Around 1929, on a small, grass airstrip in Ottumwa, Iowa, a father and his 10-year-old daughter took a ride in a replica of The Spirit of St. Louis. That short flight ignited a passion for aviation that eventually led Corinne Louise Smith (’42, MC), née Phillips, to Embry-Riddle’s Seaplane Base in Miami.
Smith had wanted to join the Civilian Pilot Training Program while pursuing a bachelor’s degree in English at Northwestern University. Her parents shot down the idea.
But the desire to fly never left her.
“When I finished college and went to Miami to make my way in the world, the first thing I did was to try and get into flying,” Smith says.
Babs Beckwith, whose brother Smith had dated, told her about Embry-Riddle. Beckwith had earned a pilot’s certificate, worked as a flight instructor and even modeled for promotional materials at Embry-Riddle. “She [Beckwith] encouraged me to get going!” Smith recalls.
Out on the Causeway
Smith started flying lessons in December 1941 at the Embry-Riddle Seaplane Base, a sparse, one-building facility with a dock on MacArthur Causeway. Embry-Riddle co-founder John Paul Riddle operated the facility in partnership with Miami lawyer and investor John McKay. When it opened in the summer of 1939, it had just two Piper planes, a 40 horsepower Silver Cub and a 50 horsepower J-3 Cub, but the fleet quickly grew to six.

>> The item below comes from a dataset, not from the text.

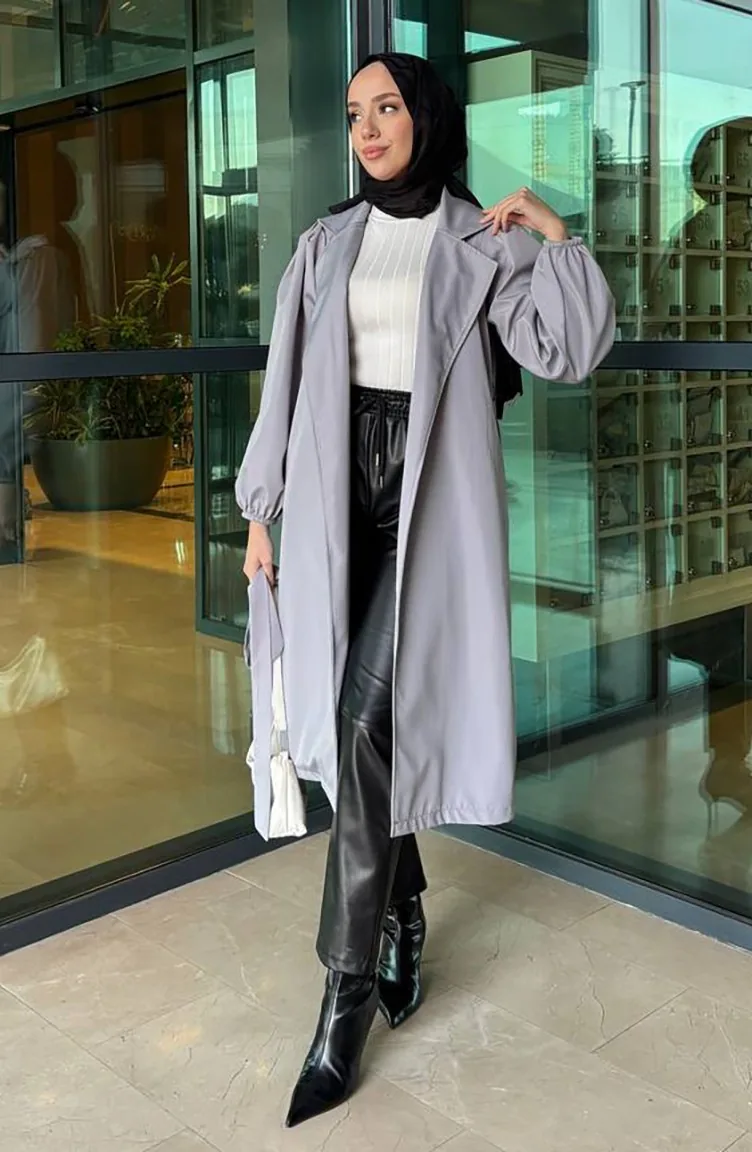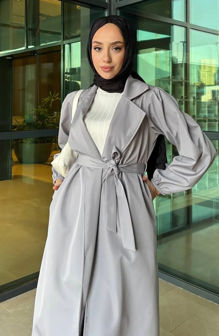 معطف واقٍ من المطر بتصميم حزام للخصر 4511-03 لون رمادي 4511-03

“There was a little building, just one room and a few aircraft. It was the very beginning when I came there,” Smith recalls.
She got a job there as a secretary, in order to pay for her training. “I was working for Mr. [Ed] China in the purchasing department so I could make the $6 an hour I needed to fly,” she says.
Smith completed her first solo flight in July 1942. “It was only a matter of seconds when I was skimming the bay waters and into the clear blue sky — all alone,” Smith says.
The Embry-Riddle Fly Paper, the company newsletter, commemorated the event with a photo of Smith sitting in the cockpit of a Piper J-3 Cub, grinning proudly. The front-page story congratulated her as “another ‘Woman with Wings’ in the Embry-Riddle ‘family.’”
‘Family’ Ties
Smith was actually ingrained with the “family” in multiple ways. She spent time with Riddle while she was training and working in Miami, and later she became good friends with Frances Embry, after Frances’ husband and Embry-Riddle co-founder, T. Higbee Embry, passed away.
“John Riddle was so nice. If you wanted to see him at his office, there was no problem whatsoever getting an appointment with him. I knew his secretary quite well, and she was the same way. It was very open, very friendly. It was just like one big home,” Smith remembers fondly.
Riddle invited Smith and other women employed at Embry-Riddle to act as hostesses at the receptions he would throw for men enlisted in the U.S. Army Air Forces. “John Riddle entertained so beautifully for the servicemen at his villa on Miami Beach,” Smith says.
A Woman’s Place Is in the Air
As the school grew and took a bigger stake in the war effort, Smith’s role grew with it. In July 1943, having earned pilot certificates for both land and sea, Smith got a promotion. She and three other women were working as instructors on Link trainers, an early type of simulator for instrument flying. When Chief Link Instructor Buzz Cooper was called to military service, Smith was the obvious successor; with that change, the Link division was operated entirely by women.
Smith says her gender was never a hindrance there. In fact, Embry-Riddle had a large complement of women instructors, as well: no fewer than 17 worked there in 1943.
Head in the Clouds
Smith left Miami and Embry-Riddle in 1944 with a flight instructor and commercial pilot certification to her name. She went on to flight instruct in California, then New Jersey and New York, but had one special pupil in mind. “While I was still an instructor, I took my father up for his first flight lesson, and he went on to get his pilot’s license,” she says.
At age 28, Smith married a Navy pilot. He died in a plane crash just three years later, but she would eventually find her “daredevil” second husband — a former P-51 pilot — who led them on many more air adventures. “He would fly anything he could get his hands on, like a Johnson Rocket,” she says. “We didn’t keep it very long.” The high-performance monoplane was known for being fast and rather dangerous, and the couple had a 3-year-old daughter at the time, she explains.
Throttling Down
Smith now lives in Vero Beach, Fla., where she has found friends in the flying community and at the Piper Aircraft headquarters. Bambi Miller, coordinator at the Piper Pilot Shop, describes Smith as something of a celebrity at Piper.
At 98 years of age, Smith is searching for a small model of a Piper J-3 Cub seaplane, like the one she soloed in so long ago. Through all of her experiences, Smith still carries a fondness for those Piper Cubs on floats: “I love the sea. We’ve lived on boats, and I’ve been on water a lot of my life. I love the seaplane for that reason.”
EDITOR’S NOTE: Embry-Riddle at War, authored by Embry-Riddle Historian Stephen G. Craft (2009), and the University Archives, erau.edu/archives, were sources for this article.